Multiple regression analysis is a method of estimating dependence of one variable from two or more independent variables.
Those of a non-mathematical mind, probably, will not find this definition understandable. The following example is going to illustrate the meaning of the analysis and how it can be used.
Imagine a researcher who is going to estimate the efficiency of regular physical activity when taking a diet supplement. The researcher conducts an experiment involving 24 university students. The students are divided into four groups of six people each. The first group get 100 mg/day of supplement, the second group get 200 mg/day, the third get 300 mg/day, and the forth - 400 mg/day. This experiment involves four levels of supplement intake and three levels of physical activity. Six people in each group are divided into three couples. One couple exercises zero hours a week, the second couple exercises five hours a week and the third one has ten hours of physical activity a week. In the end of the experiment every participant lost weight. The data was entered into the following table:
|Participant of the experiment||Doze of supplement (mg/day)||Level of physical activity (hours/week)||Weight loss (lb)|
Weight loss result of every participant
Consequently, we have two questions:
- What caused the weight loss - supplements or physical activity?
- What kind of a relationship is there between the change in weight and the influencing factor?
It is very similar to a common situation on financial markets, isn't it? For example, when currency price changes, there is always a question which item of news influenced it. If there is such an economic factor impacting a price, then how does the price change when the factor is varied?
Multiple regressive analysis and the program STATISTICA help to answer those questions. Transfer or import the tables containing data to the program and select 'Multiple Regression' in the menu:
Fig. 1. Import data of the example to the program STATISTICA
After selecting this menu bar, find the button 'Variables' and click on it:
Fig. 2. Multiple analysis parameters screen
It will bring up a window for selecting variables used for analysis. It consists of two parts: on the left hand side we can select what, we believe, is a dependent variable (in our case it is weight loss) and on the right hand side, we highlight what can influence this change.

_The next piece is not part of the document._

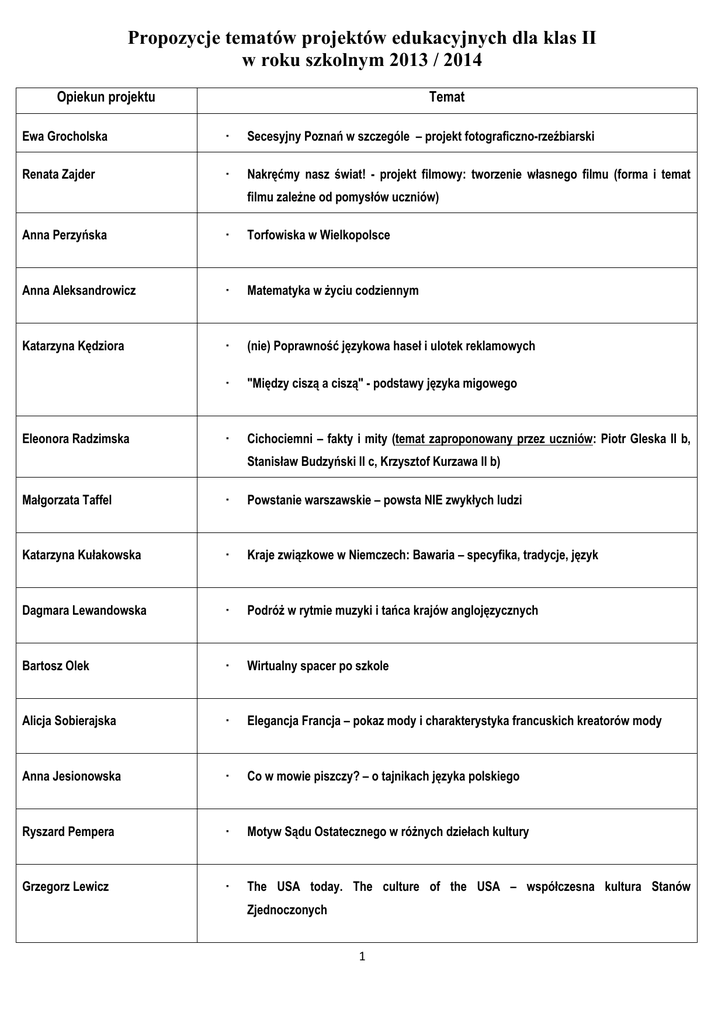 Propozycje tematów projektów edukacyjnych dla klas II w roku szkolnym 2013 / 2014 Opiekun projektu Temat Ewa Grocholska Secesyjny Poznań w szczególe – projekt fotograficzno-rzeźbiarski Renata Zajder Nakręćmy nasz świat! - projekt filmowy: tworzenie własnego filmu (forma i temat filmu zależne od pomysłów uczniów) Anna Perzyńska Torfowiska w Wielkopolsce Anna Aleksandrowicz Matematyka w życiu codziennym Katarzyna Kędziora (nie) Poprawność językowa haseł i ulotek reklamowych "Między ciszą a ciszą" - podstawy języka migowego Cichociemni – fakty i mity (temat zaproponowany przez uczniów: Piotr Gleska II b, Eleonora Radzimska Stanisław Budzyński II c, Krzysztof Kurzawa II b) Małgorzata Taffel Powstanie warszawskie – powsta NIE zwykłych ludzi Katarzyna Kułakowska Kraje związkowe w Niemczech: Bawaria – specyfika, tradycje, język Dagmara Lewandowska Podróż w rytmie muzyki i tańca krajów anglojęzycznych Bartosz Olek Wirtualny spacer po szkole Alicja Sobierajska Elegancja Francja – pokaz mody i charakterystyka francuskich kreatorów mody Anna Jesionowska Co w mowie piszczy? – o tajnikach języka polskiego Ryszard Pempera Motyw Sądu Ostatecznego w różnych dziełach kultury Grzegorz Lewicz The USA today. The culture of the USA – współczesna kultura Stanów Zjednoczonych 1 Dorota Makowska Ze sportem przez kontynenty (temat zaproponowany przez uczennice: Marta Wawrzyniak, Adrianna Gazecka, Agnieszka Zajączek, Łucja Koziorowska, – klasa II b, Patrycja Zastawa – klasa II a) Sylwia Obst Zmierzmy się ze szkołą! – tworzymy projekt sportowej szkoły przyszłości (makieta na podstawie pomiarów rzeczywistych wielkości obiektu) Dominik Hajduk Sport to moje życie! – prezentacja zawodników i uprawianych przez nich dyscyplin sportowych (projekt zaproponowany przez uczniów: Julian Lavrin II b, Jakub Szwedowicz II b, Jan Socha II a, Bartosz Łosiak II c) Jadwiga Jasińska Chemia w kosmetyce Anna Matysiak Konflikty polityczne i religijne w Afryce Północnej Emilia Kowalska Tworzenie pomocy dydaktycznych z prądu Krzysztof Marciniak 7 days erond Britain Monika Depa Seven World Wonders of a teenager (Siedem cudów świata nastolatka) Olga Jakubczyk Symetrie w otaczającym nas świecie Sławomir Zapotoczny Demokracja szlachecka – zalety i wady Wiktor Plust Dariusz Ciszak Dawid Lewicki 2

Fig. 3. Assigning dependent and independent variables
Pressing 'OK' will take us back to the previous settings dialog window where we have to tick a check box and then press 'OK':
Fig. 4. Selecting parameters for multiple analysis
In the following window we select the method 'All Effects':
Fig. 5. Select method
After all the manipulations we shall receive a window with the analysis result. Those factors that were statistically proven to influence the result are in red font in the list of factors (in our case it is the 'Level of physical activity'). Other variables:
- 'No. of cases" is a number of incidents for analysis;
- "p" is the level of statistic validity of this correlation (level below 0.05 is believed reliable);
- "Multiple R" is the value of multivariable correlation between the dependent and independent variables of the equation.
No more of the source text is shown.